Microsoft's competitive weakness in a split tablet market
But much more than smartphones, the needs of the enterprise for tablets are very different from those for consumers: Enterprises require manageability, and employees must be able to do actual work, not just be entertained. Consumers need none of the former and only a limited amount of the latter -- which is why both Apple and Microsoft could win a tablet nonwar, with Apple ruling the home and Microsoft ruling the enterprise. If the tablet marketplace does cleave this way, it will help limit the impact of a gaping hole in Microsoft's tablet competitive position: apps.
Go back a few years: Even beyond its fit and finish, one of the iPhone's most compelling advantages over the BlackBerry was the sheer number of cheap apps you could buy for it. If Windows 8 tablets go head to head with iPads, they'll suffer from an equivalent disadvantage.

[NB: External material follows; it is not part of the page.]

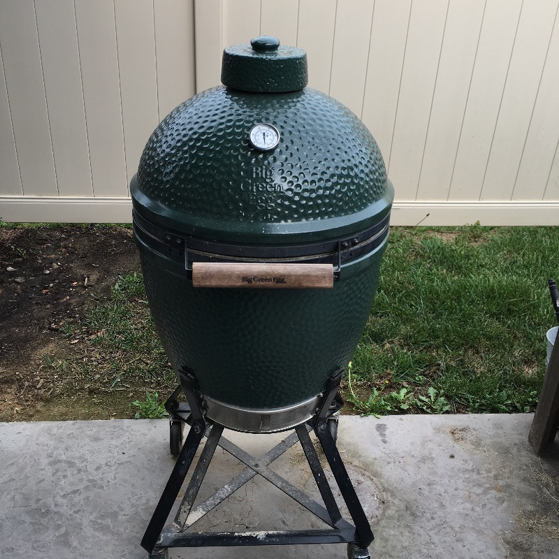 Lots and lots of grilling weather still to come this season and why not grill in style with one of the best grills available on the market today. This Big Green Egg. Grill is accompanied by a nest, pizza stone, grilling utensils and its original cover. Egg without nest measures 21.5”D x 34” tall. Bring help grill is heavy.

Microsoft will need a bunch of cheap apps too, but its enterprise focus will buy it some time. That's because, for IT, Windows 8 "laplets" (catchy, huh?) won't be new, additional, adjunct devices that need new software. They'll be replacement devices that can use the same licenses IT would have paid for anyway. When an employee receives a Windows 8 laplet, it will have enough stuff on it to be functional -- more functional than an iPad when there's work to be done. That will gain Microsoft some time.
Consumerization's two-way door
It's worth remembering that consumerization takes advantage of a door that first opened when employees saw the PC's value and started buying them at home. Consumerization didn't open that door; it just reversed the flow.
In the short run, the success of Windows 8 tablets probably depends on some level of separation between the enterprise and consumer marketplaces. In the long run, Microsoft is in a position to re-reverse the flow -- to make its enterprise-oriented tablets desirable enough that employees want them at home or, at least, are allowed to bring them home. From Microsoft's competitive perspective, this is just as good as an employee buying a new one. Either alternative deprives Apple of a sale, which is, from a strategic perspective, a happy outcome.
For this to happen, Microsoft will have to succeed in attracting independent developers in the quantities it needs for its app store. It will also have to curate its app store effectively enough to gain IT's trust, while keeping enough of its appeal that consumers won't ignore it the way they've been turning their noses at Microsoft's pathetic attempt to mimic the Apple store.
The opportunity is there. Whether Microsoft has the ability to take advantage of it is an open question.